** THE PROBLEM **
The expected response is the complete listing below, restated exactly, with its pictures omitted.

** DATA SECTION **
┌──

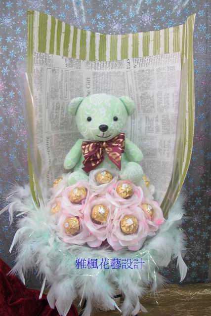 蕾絲熊金莎花束金莎花束_二崙花店(專車滿2500外送.宅配無金額限制) |
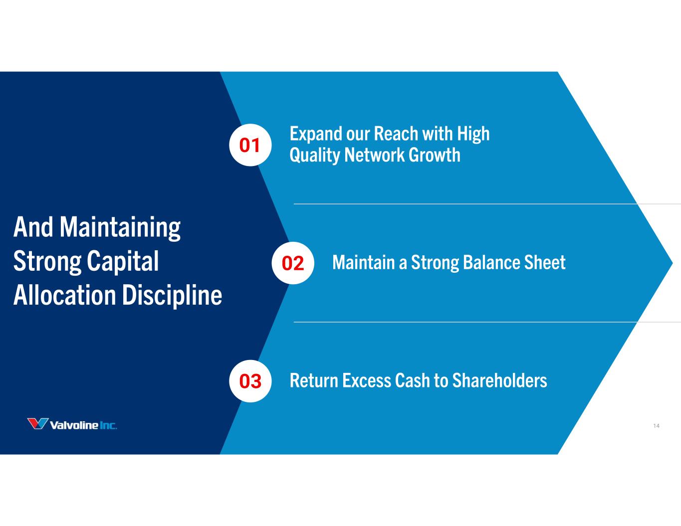 Valvoline’s Growth Ambition New Store Growth System-wide SSS Growth Adjusted EPS Growth Adjusted EBITDA Margin Mid to High Teens +100 – 200 bps expansion > 7% 3 - 5% Committed to Delivering Attractive Returns (2026-2028) 13
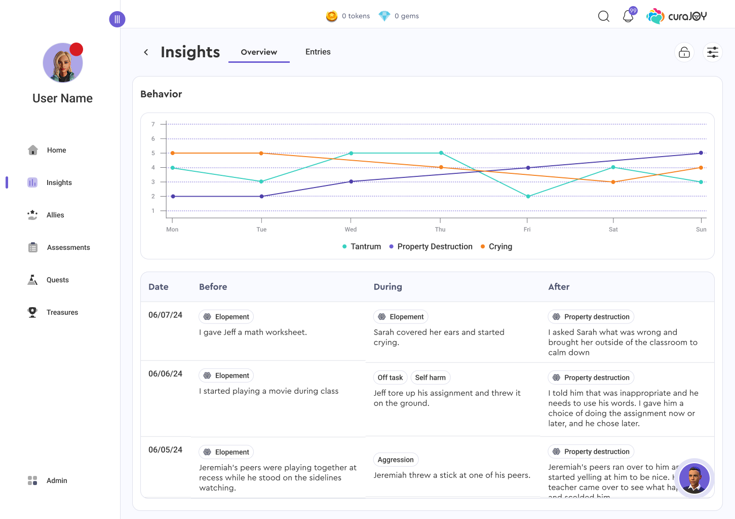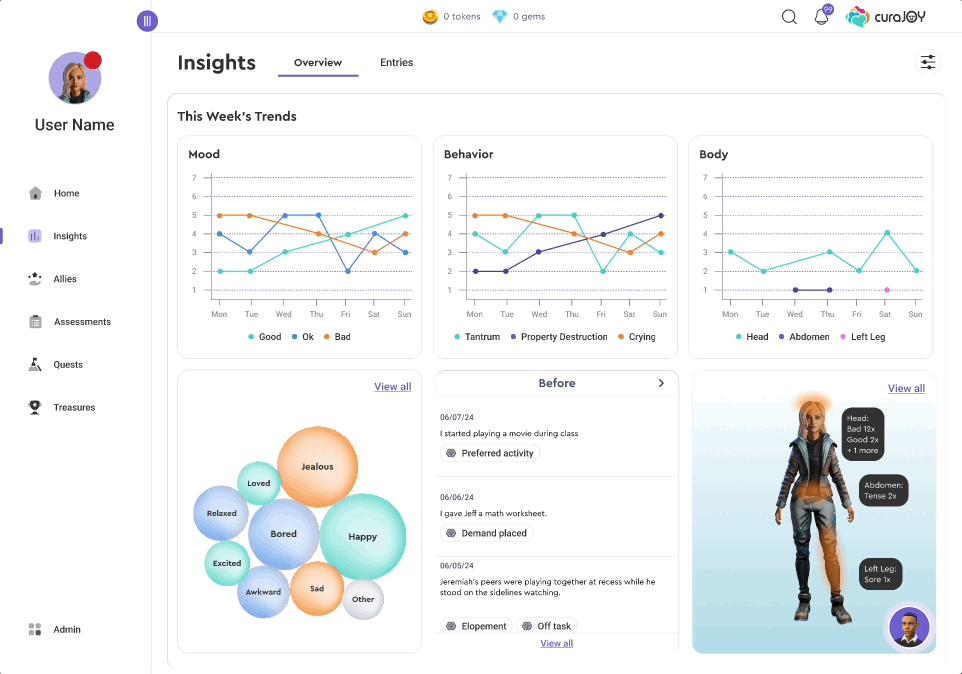 CuraJOY is a nonprofit tech company focused on making mental health support more accessible through gamification and AI-driven tools. The Insights Page is a new feature that brings together user-submitted data (mood, body, and behavior check-ins) into one centralized and visually engaging view.

└──

** ANSWER TO THIS TASK **
 蕾絲熊金莎花束金莎花束_二崙花店(專車滿2500外送.宅配無金額限制) |
 Valvoline’s Growth Ambition New Store Growth System-wide SSS Growth Adjusted EPS Growth Adjusted EBITDA Margin Mid to High Teens +100 – 200 bps expansion > 7% 3 - 5% Committed to Delivering Attractive Returns (2026-2028) 13
 CuraJOY is a nonprofit tech company focused on making mental health support more accessible through gamification and AI-driven tools. The Insights Page is a new feature that brings together user-submitted data (mood, body, and behavior check-ins) into one centralized and visually engaging view.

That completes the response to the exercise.